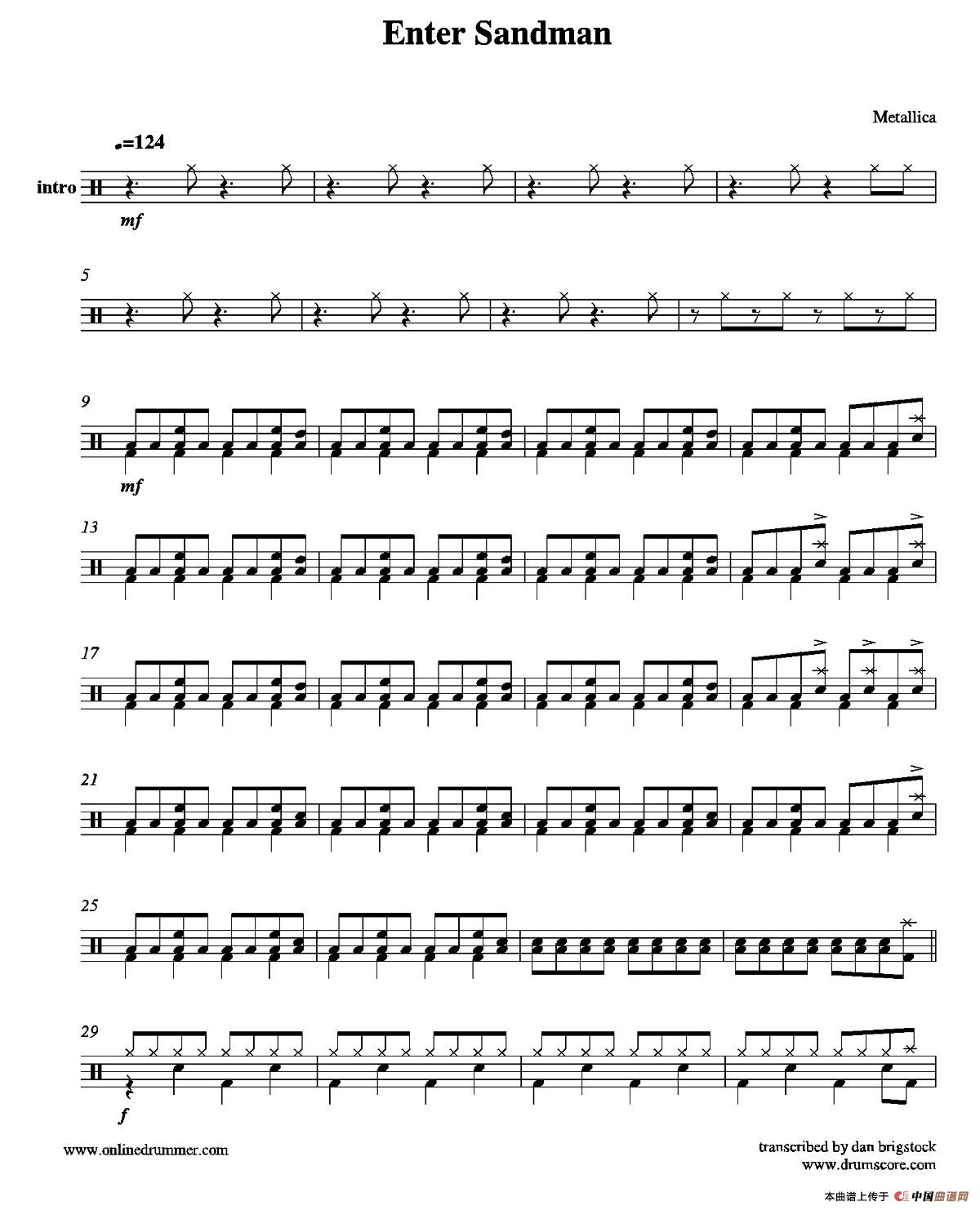 Enter Sandman(鼓谱)相关五线谱
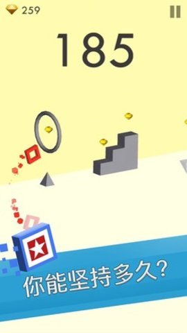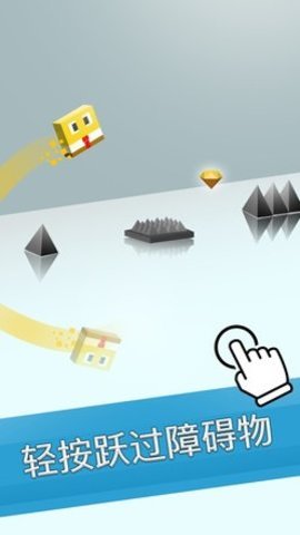 2、玩家只需要点击屏幕一次,就可以让小方块跳跃一次。
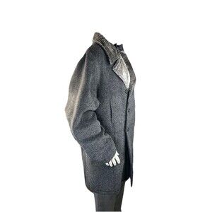 This vintage Alfredo Fawza Italian double-breasted overcoat is a rare find for any fashion-forward man. Made from a luxurious blend of alpaca, wool, and mohair, this heavyweight coat offers both warmth and style. Featuring a classic spread collar, button closure, and mid-length design, it is perfect for a variety of occasions from casual to formal. The gray color and solid pattern add a touch of sophistication, while the Italian craftsmanship and designer brand make it a standout piece in any wardrobe. This coat is sure to be a versatile and timeless addition for the winter and fall seasons.
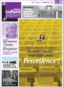 France Culture Papiers depuis son lancement fin février 2012 est la première revue culturelle réalisée à partir d’émissions de radio, retranscrites, éditorialisées, illustrées et enrichies. Parmi plus de 2 000 heures d’antenne trimestrielles, plus d’une centaine d’émissions et de chroniques et près de 3 500 invités, France Culture Papiers propose chaque trimestre une sélection des meilleurs débats culturels, scientifiques, artistiques et politiques entendus sur l’antenne de France Culture.
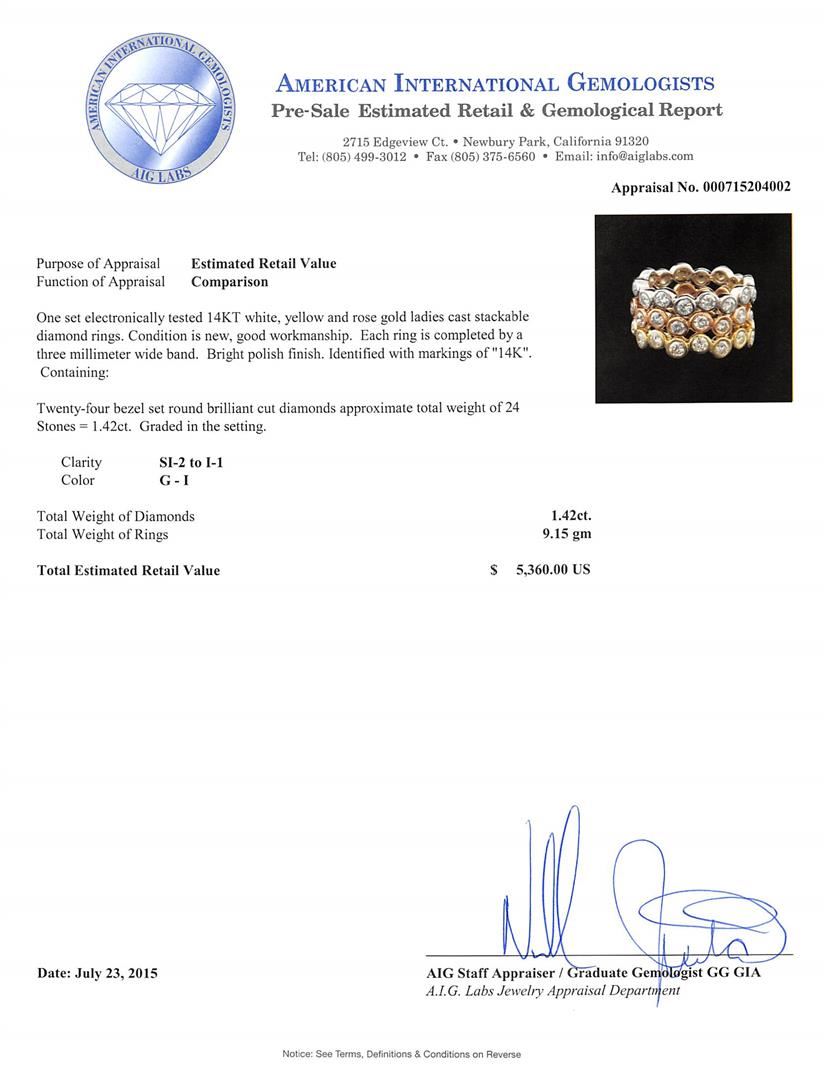 One set electronically tested 14KT white, yellow and rose gold ladies cast stackable diamond rings. Each ring is completed by a three millimeter wide band. Bright polish finish. Identified with markings of "14K". Condition is new, good workmanship. Containing: Twenty-Four bezel set round brilliant cut diamonds approximate. Total Weight of 24 Stones = 1.42ct. Graded in the setting. Clarity: SI-2 to I-1. Color: G - I. Total Weight of Diamonds 1.42ct. Total Weight of Rings 9.15gm. AIG Appraised at $5,360.00.
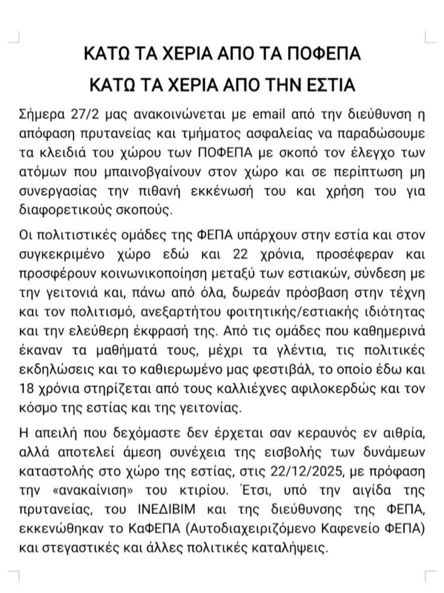 Επίθεση πλέον δέχονται και οι Πολιτιστικές Ομάδες της Φοιτητικής Εστίας Πανεπιστήμιου Αθηνών (ΠΟΦΕΠΑ). Η Διεύθυνση της ΦΕΠΑ, στις 27/2, ανακοίνωσε με e mail στις Πολιτιστικές Ομάδες ΦΕΠΑ, την απόφαση της Πρυτανείας για παράδοση των κλειδιών του χώρου, με πρόφαση τον έλεγχο όσων μπαινοβγαίνουν στον χώρο. Απειλεί δε τις ΠΟΦΕΠΑ ότι σε περίπτωση μη συνεργασίας, ο χώρος θα εκκενωθεί και θα χρησιμοποιηθεί για διαφορετικούς σκοπούς.

Work request:
What is needed is an exact copy of each line from the top of the data above through the line containing "France Culture Papiers depuis", with no pictures.

Expected output:
 Enter Sandman(鼓谱)相关五线谱
 2、玩家只需要点击屏幕一次,就可以让小方块跳跃一次。
 This vintage Alfredo Fawza Italian double-breasted overcoat is a rare find for any fashion-forward man. Made from a luxurious blend of alpaca, wool, and mohair, this heavyweight coat offers both warmth and style. Featuring a classic spread collar, button closure, and mid-length design, it is perfect for a variety of occasions from casual to formal. The gray color and solid pattern add a touch of sophistication, while the Italian craftsmanship and designer brand make it a standout piece in any wardrobe. This coat is sure to be a versatile and timeless addition for the winter and fall seasons.
 France Culture Papiers depuis son lancement fin février 2012 est la première revue culturelle réalisée à partir d’émissions de radio, retranscrites, éditorialisées, illustrées et enrichies. Parmi plus de 2 000 heures d’antenne trimestrielles, plus d’une centaine d’émissions et de chroniques et près de 3 500 invités, France Culture Papiers propose chaque trimestre une sélection des meilleurs débats culturels, scientifiques, artistiques et politiques entendus sur l’antenne de France Culture.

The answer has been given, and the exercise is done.